Provided entries:
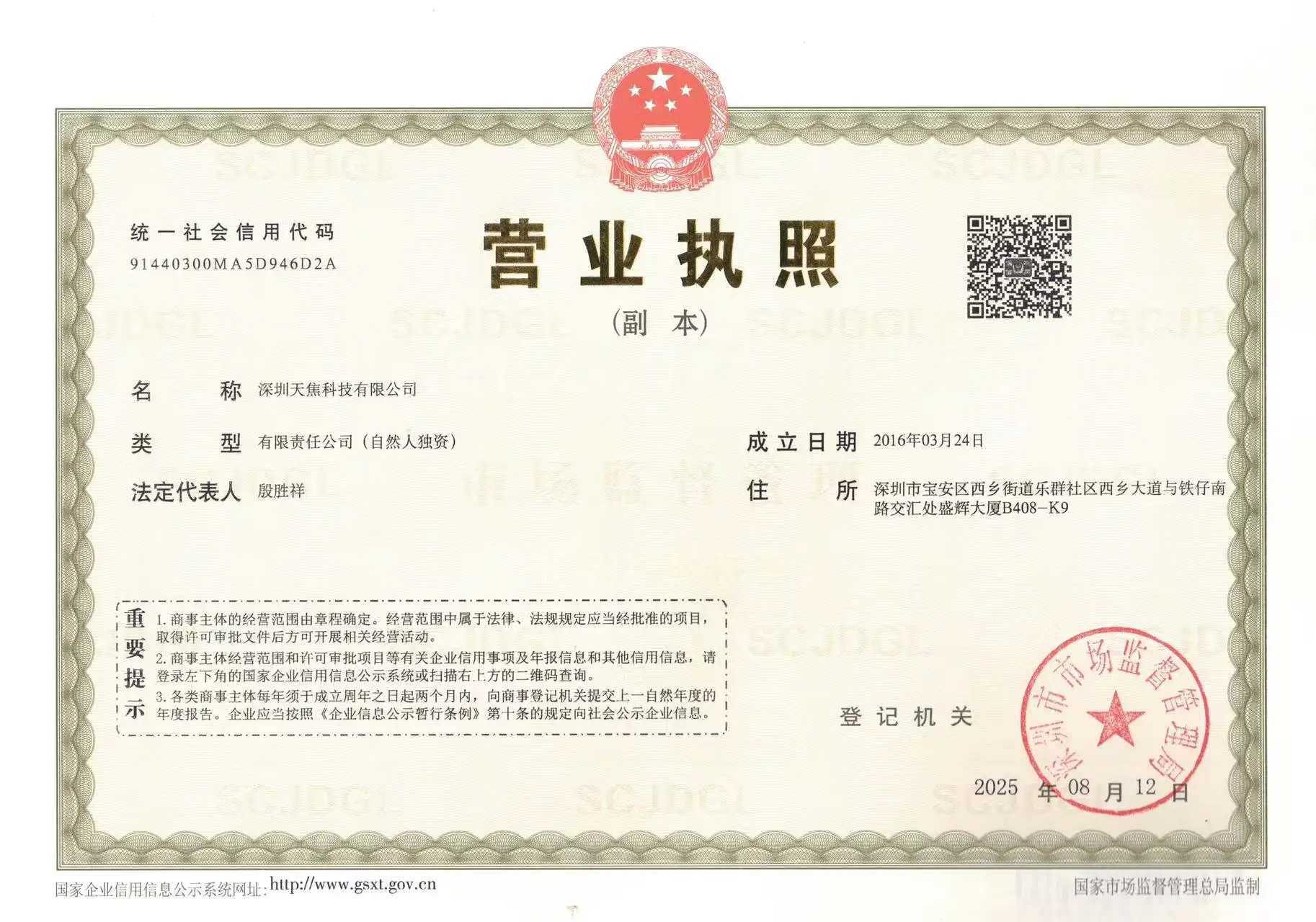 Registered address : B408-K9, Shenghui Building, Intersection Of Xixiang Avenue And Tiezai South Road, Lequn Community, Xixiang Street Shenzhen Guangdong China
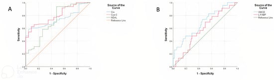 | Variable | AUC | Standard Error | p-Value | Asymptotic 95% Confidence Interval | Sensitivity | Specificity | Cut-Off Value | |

---

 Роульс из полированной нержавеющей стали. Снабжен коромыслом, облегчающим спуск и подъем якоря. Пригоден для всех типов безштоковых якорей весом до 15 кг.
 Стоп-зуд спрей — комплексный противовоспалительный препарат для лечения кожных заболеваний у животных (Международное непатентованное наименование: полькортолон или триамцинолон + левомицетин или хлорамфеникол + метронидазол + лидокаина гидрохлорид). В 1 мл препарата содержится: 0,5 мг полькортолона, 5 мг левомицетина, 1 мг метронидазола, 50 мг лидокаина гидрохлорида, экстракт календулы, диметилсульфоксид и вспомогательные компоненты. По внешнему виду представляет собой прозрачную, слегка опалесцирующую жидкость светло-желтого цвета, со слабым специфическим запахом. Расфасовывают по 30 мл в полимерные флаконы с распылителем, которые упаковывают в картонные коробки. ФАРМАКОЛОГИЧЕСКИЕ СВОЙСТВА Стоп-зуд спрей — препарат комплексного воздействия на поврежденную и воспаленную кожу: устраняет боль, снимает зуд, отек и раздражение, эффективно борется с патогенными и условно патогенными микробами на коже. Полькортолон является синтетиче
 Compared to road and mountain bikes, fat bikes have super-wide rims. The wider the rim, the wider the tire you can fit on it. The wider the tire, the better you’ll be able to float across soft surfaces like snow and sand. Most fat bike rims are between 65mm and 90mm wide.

Work instruction:
Considering only the material above, set down every line from the one with "Роульс из полированной" to the one with "Compared to road", inclusive, exactly as written.

Task result:
 Роульс из полированной нержавеющей стали. Снабжен коромыслом, облегчающим спуск и подъем якоря. Пригоден для всех типов безштоковых якорей весом до 15 кг.
 Стоп-зуд спрей — комплексный противовоспалительный препарат для лечения кожных заболеваний у животных (Международное непатентованное наименование: полькортолон или триамцинолон + левомицетин или хлорамфеникол + метронидазол + лидокаина гидрохлорид). В 1 мл препарата содержится: 0,5 мг полькортолона, 5 мг левомицетина, 1 мг метронидазола, 50 мг лидокаина гидрохлорида, экстракт календулы, диметилсульфоксид и вспомогательные компоненты. По внешнему виду представляет собой прозрачную, слегка опалесцирующую жидкость светло-желтого цвета, со слабым специфическим запахом. Расфасовывают по 30 мл в полимерные флаконы с распылителем, которые упаковывают в картонные коробки. ФАРМАКОЛОГИЧЕСКИЕ СВОЙСТВА Стоп-зуд спрей — препарат комплексного воздействия на поврежденную и воспаленную кожу: устраняет боль, снимает зуд, отек и раздражение, эффективно борется с патогенными и условно патогенными микробами на коже. Полькортолон является синтетиче
 Compared to road and mountain bikes, fat bikes have super-wide rims. The wider the rim, the wider the tire you can fit on it. The wider the tire, the better you’ll be able to float across soft surfaces like snow and sand. Most fat bike rims are between 65mm and 90mm wide.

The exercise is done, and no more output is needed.